### TASK DETAILS
Taking the line with "Maison 6 pièces" as the first and the line with "在12月举办的科技文化艺术节" as the last, set down exactly every line in that range from the entries below, and no more.

### AVAILABLE RECORDS
----------------

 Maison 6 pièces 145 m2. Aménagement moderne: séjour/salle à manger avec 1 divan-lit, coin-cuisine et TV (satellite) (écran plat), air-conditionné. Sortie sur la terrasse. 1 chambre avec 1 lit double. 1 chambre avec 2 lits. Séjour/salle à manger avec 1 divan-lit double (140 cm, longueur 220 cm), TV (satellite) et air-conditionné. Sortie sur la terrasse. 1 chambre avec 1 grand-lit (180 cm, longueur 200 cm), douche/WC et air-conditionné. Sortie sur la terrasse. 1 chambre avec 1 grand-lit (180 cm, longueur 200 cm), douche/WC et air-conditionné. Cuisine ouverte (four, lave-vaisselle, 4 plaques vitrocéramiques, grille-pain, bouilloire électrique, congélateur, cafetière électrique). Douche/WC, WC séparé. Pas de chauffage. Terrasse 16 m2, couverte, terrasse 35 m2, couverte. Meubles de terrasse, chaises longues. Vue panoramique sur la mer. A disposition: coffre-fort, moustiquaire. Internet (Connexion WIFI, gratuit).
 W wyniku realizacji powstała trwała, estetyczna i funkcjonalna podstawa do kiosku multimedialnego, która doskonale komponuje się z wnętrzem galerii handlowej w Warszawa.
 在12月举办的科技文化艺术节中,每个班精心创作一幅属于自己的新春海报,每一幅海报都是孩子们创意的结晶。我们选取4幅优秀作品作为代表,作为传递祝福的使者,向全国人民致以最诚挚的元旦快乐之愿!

----------------

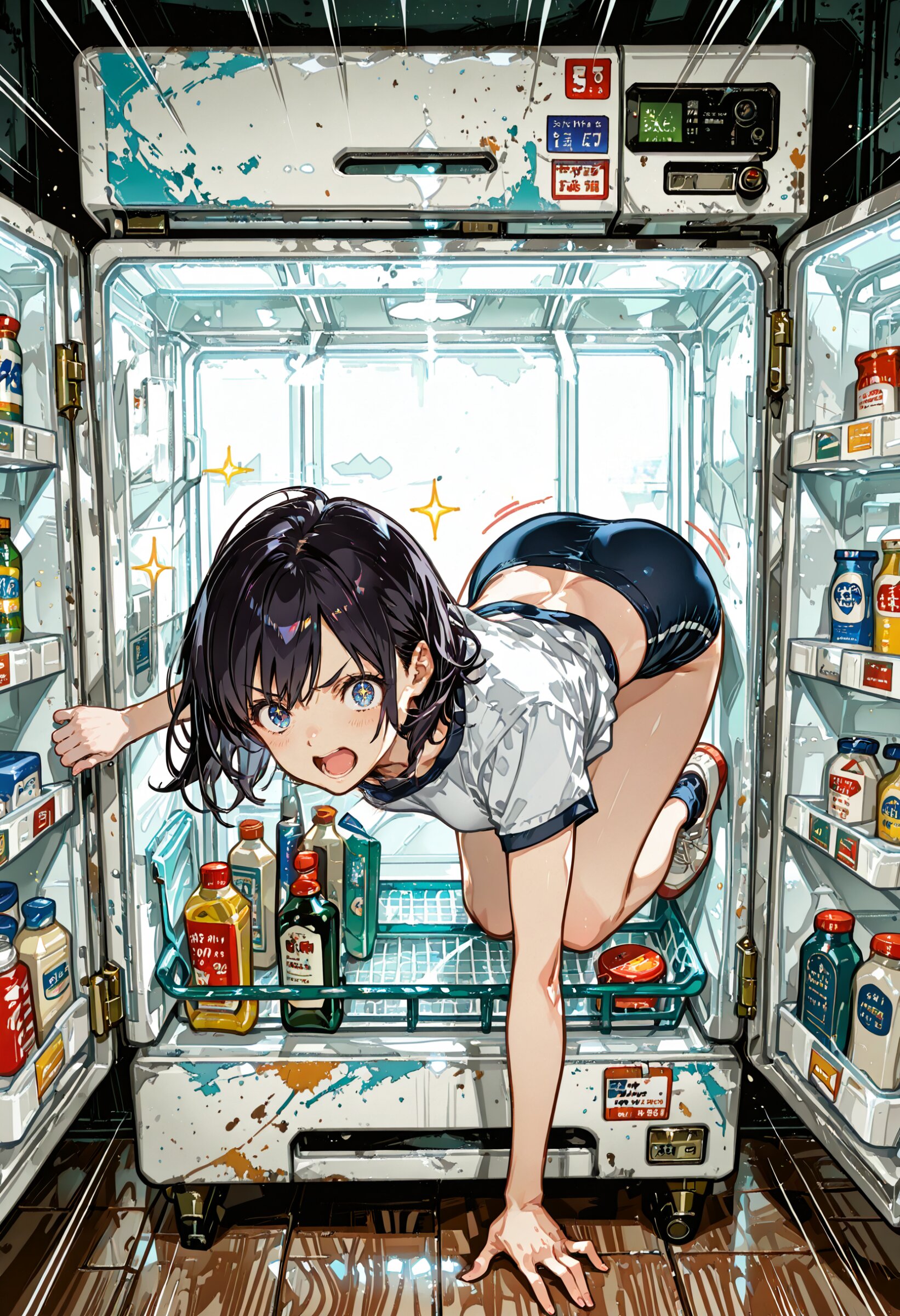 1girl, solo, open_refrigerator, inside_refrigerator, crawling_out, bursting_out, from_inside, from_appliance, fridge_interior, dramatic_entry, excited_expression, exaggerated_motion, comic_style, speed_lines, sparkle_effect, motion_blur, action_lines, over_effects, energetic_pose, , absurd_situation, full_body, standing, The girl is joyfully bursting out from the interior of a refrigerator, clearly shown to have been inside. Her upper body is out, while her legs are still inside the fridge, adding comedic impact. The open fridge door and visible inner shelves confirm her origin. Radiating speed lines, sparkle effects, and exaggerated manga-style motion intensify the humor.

----------------

### WRITTEN RESPONSE
 Maison 6 pièces 145 m2. Aménagement moderne: séjour/salle à manger avec 1 divan-lit, coin-cuisine et TV (satellite) (écran plat), air-conditionné. Sortie sur la terrasse. 1 chambre avec 1 lit double. 1 chambre avec 2 lits. Séjour/salle à manger avec 1 divan-lit double (140 cm, longueur 220 cm), TV (satellite) et air-conditionné. Sortie sur la terrasse. 1 chambre avec 1 grand-lit (180 cm, longueur 200 cm), douche/WC et air-conditionné. Sortie sur la terrasse. 1 chambre avec 1 grand-lit (180 cm, longueur 200 cm), douche/WC et air-conditionné. Cuisine ouverte (four, lave-vaisselle, 4 plaques vitrocéramiques, grille-pain, bouilloire électrique, congélateur, cafetière électrique). Douche/WC, WC séparé. Pas de chauffage. Terrasse 16 m2, couverte, terrasse 35 m2, couverte. Meubles de terrasse, chaises longues. Vue panoramique sur la mer. A disposition: coffre-fort, moustiquaire. Internet (Connexion WIFI, gratuit).
 W wyniku realizacji powstała trwała, estetyczna i funkcjonalna podstawa do kiosku multimedialnego, która doskonale komponuje się z wnętrzem galerii handlowej w Warszawa.
 在12月举办的科技文化艺术节中,每个班精心创作一幅属于自己的新春海报,每一幅海报都是孩子们创意的结晶。我们选取4幅优秀作品作为代表,作为传递祝福的使者,向全国人民致以最诚挚的元旦快乐之愿!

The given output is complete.